Work to complete =
What is needed is an exact copy of the lines from the one containing "Spiel- und Kletterbereich" through the last line of the records below, with no pictures.

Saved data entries
::::::::

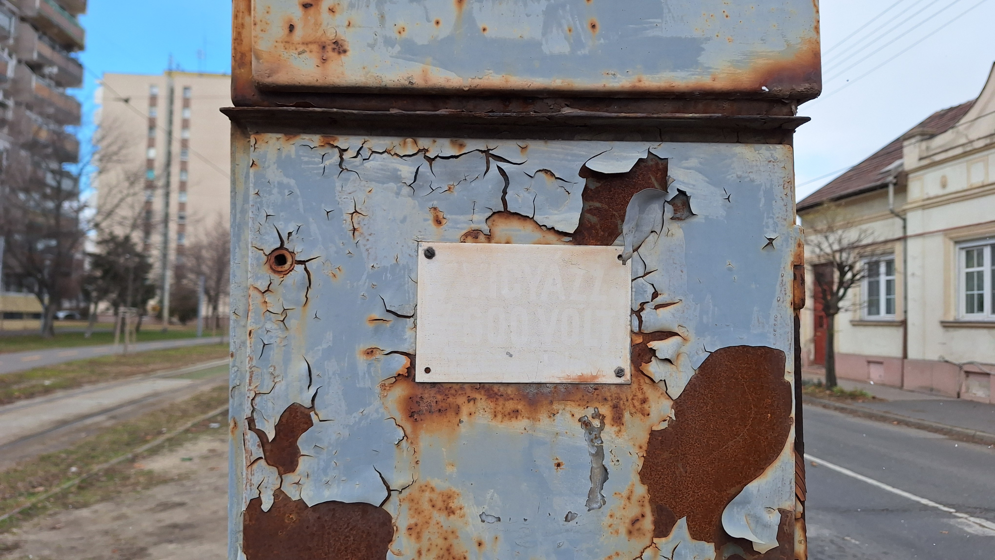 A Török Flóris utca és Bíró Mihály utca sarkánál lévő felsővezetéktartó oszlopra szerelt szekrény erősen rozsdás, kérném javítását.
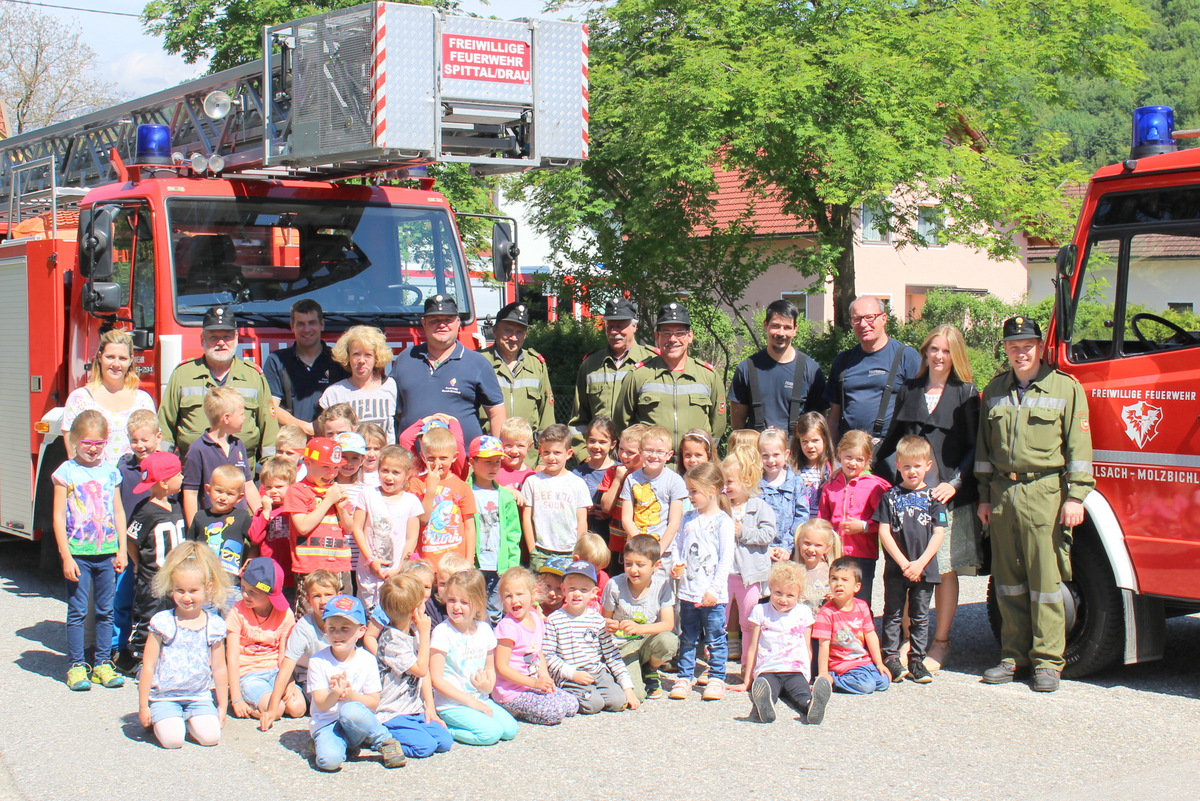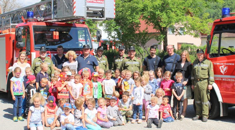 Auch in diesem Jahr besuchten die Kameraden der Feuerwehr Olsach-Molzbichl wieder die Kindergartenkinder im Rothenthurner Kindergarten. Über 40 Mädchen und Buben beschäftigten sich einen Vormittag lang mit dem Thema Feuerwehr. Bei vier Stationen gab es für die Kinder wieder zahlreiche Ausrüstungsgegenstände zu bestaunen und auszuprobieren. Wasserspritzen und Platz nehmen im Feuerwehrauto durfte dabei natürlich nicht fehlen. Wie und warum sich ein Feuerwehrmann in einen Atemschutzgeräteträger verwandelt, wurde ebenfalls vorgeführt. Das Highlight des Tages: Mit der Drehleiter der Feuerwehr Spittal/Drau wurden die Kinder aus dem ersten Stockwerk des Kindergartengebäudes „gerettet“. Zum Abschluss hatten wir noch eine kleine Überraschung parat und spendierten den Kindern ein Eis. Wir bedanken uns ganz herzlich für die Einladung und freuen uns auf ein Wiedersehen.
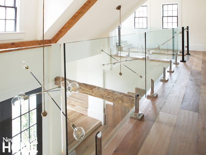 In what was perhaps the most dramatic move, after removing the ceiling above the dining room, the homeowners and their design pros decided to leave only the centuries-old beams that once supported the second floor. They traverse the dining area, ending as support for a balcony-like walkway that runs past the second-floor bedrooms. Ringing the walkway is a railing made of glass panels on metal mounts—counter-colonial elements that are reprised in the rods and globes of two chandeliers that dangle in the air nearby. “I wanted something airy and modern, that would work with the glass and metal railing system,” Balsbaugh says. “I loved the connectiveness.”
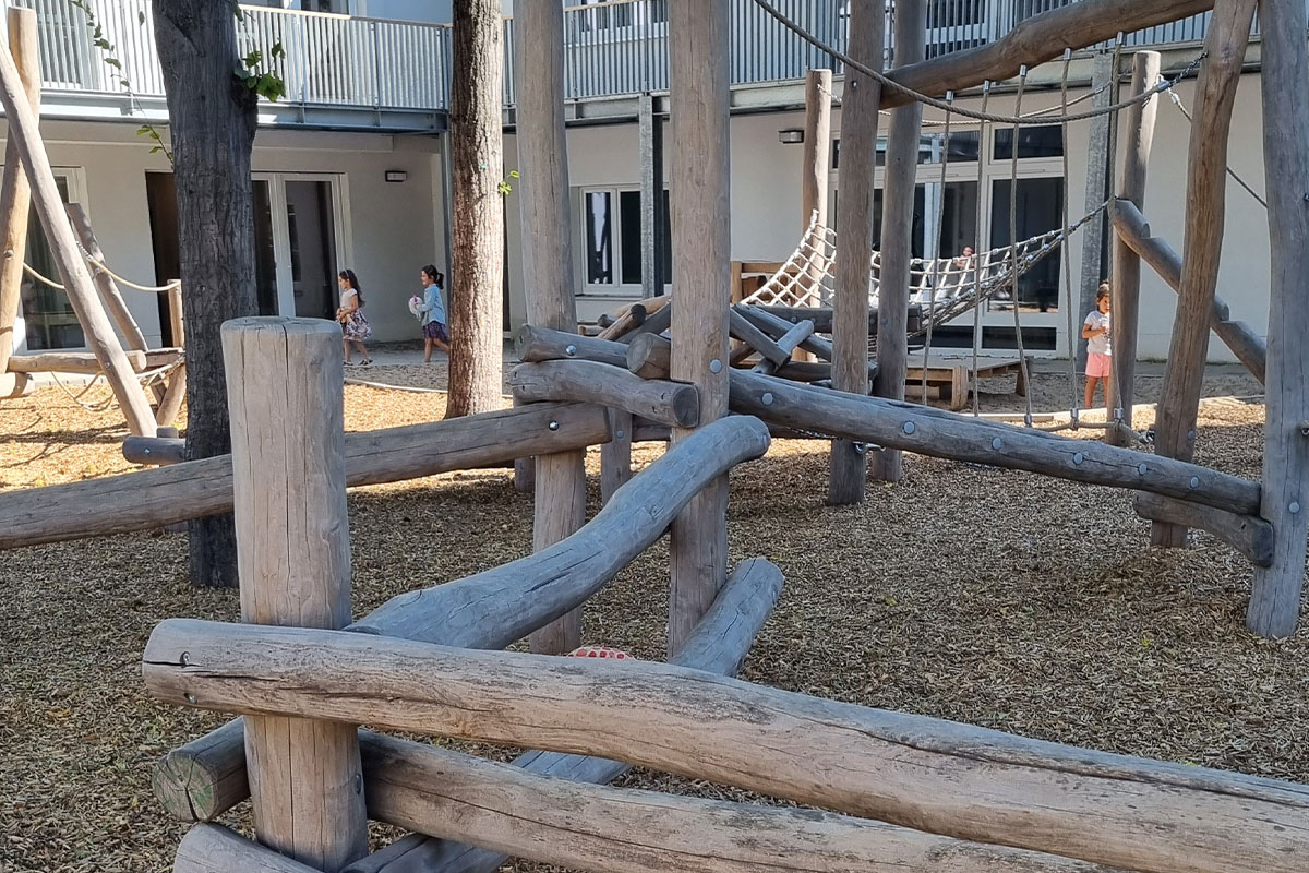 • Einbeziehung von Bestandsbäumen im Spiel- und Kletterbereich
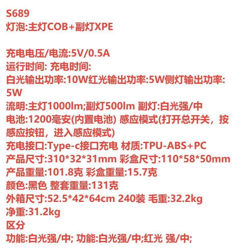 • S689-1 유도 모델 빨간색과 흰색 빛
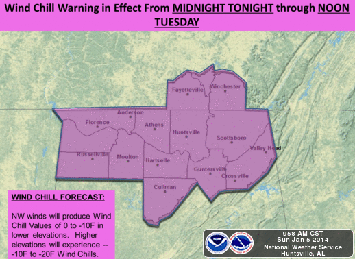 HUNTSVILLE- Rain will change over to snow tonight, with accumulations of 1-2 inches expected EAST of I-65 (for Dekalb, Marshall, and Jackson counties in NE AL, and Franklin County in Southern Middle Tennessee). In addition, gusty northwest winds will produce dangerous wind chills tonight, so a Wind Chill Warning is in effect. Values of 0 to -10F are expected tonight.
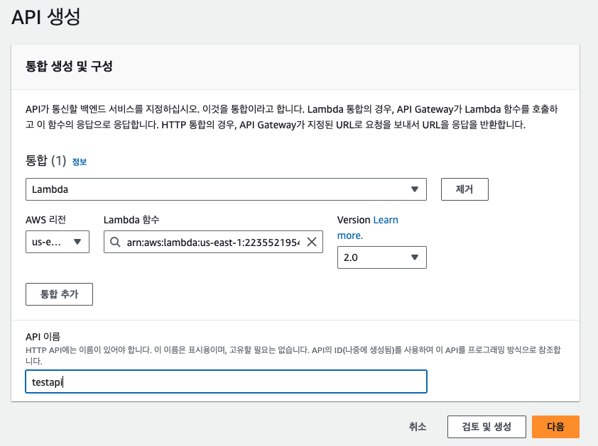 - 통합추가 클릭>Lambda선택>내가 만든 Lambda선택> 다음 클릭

::::::::

Solved problem =
 • Einbeziehung von Bestandsbäumen im Spiel- und Kletterbereich
 • S689-1 유도 모델 빨간색과 흰색 빛
 HUNTSVILLE- Rain will change over to snow tonight, with accumulations of 1-2 inches expected EAST of I-65 (for Dekalb, Marshall, and Jackson counties in NE AL, and Franklin County in Southern Middle Tennessee). In addition, gusty northwest winds will produce dangerous wind chills tonight, so a Wind Chill Warning is in effect. Values of 0 to -10F are expected tonight.
 - 통합추가 클릭>Lambda선택>내가 만든 Lambda선택> 다음 클릭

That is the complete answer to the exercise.